TASK DIRECTIONS.
Given these entries, repeat exactly the lines starting with the one that has "The main part" and going on through the one that has "ブレーキ回りとパッドの残量、サスペンション各部を点検していきます。", both included, but none of the pictures.

DATA TO USE.
++++++++++

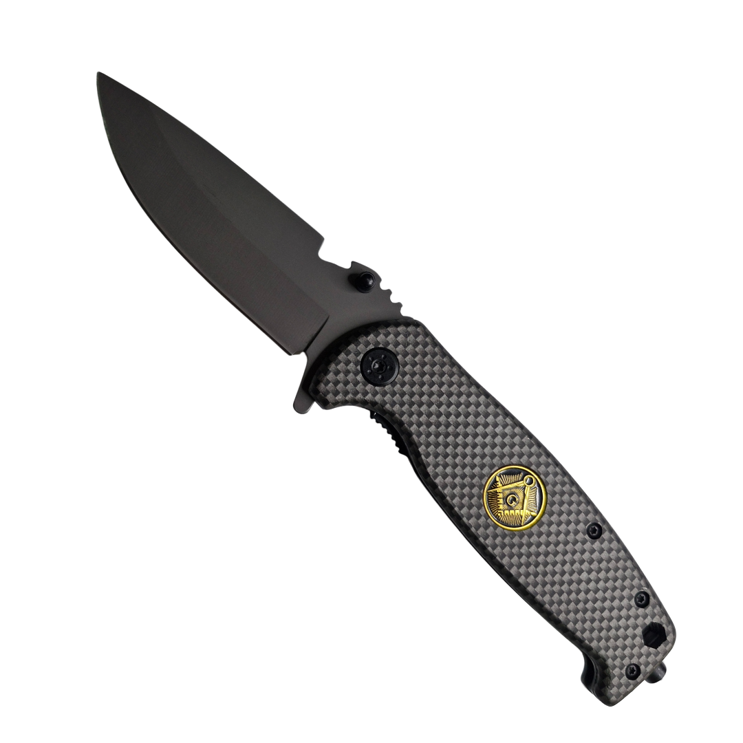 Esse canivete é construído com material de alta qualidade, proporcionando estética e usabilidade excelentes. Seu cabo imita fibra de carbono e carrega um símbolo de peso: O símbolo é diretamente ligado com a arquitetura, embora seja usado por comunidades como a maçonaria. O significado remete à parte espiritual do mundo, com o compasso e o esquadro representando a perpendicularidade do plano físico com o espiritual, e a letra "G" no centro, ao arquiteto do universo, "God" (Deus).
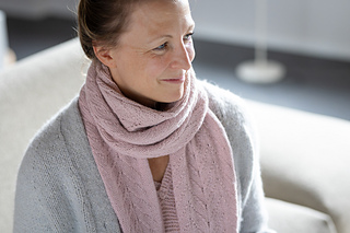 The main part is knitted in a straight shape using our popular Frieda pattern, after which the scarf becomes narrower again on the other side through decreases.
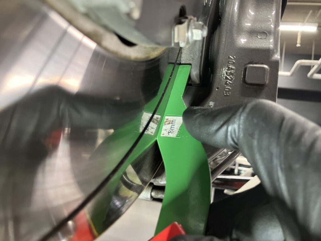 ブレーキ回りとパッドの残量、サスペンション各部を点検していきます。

++++++++++

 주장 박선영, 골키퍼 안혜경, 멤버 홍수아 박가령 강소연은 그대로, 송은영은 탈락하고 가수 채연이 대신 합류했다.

++++++++++

TASK SOLUTION.
 The main part is knitted in a straight shape using our popular Frieda pattern, after which the scarf becomes narrower again on the other side through decreases.
 ブレーキ回りとパッドの残量、サスペンション各部を点検していきます。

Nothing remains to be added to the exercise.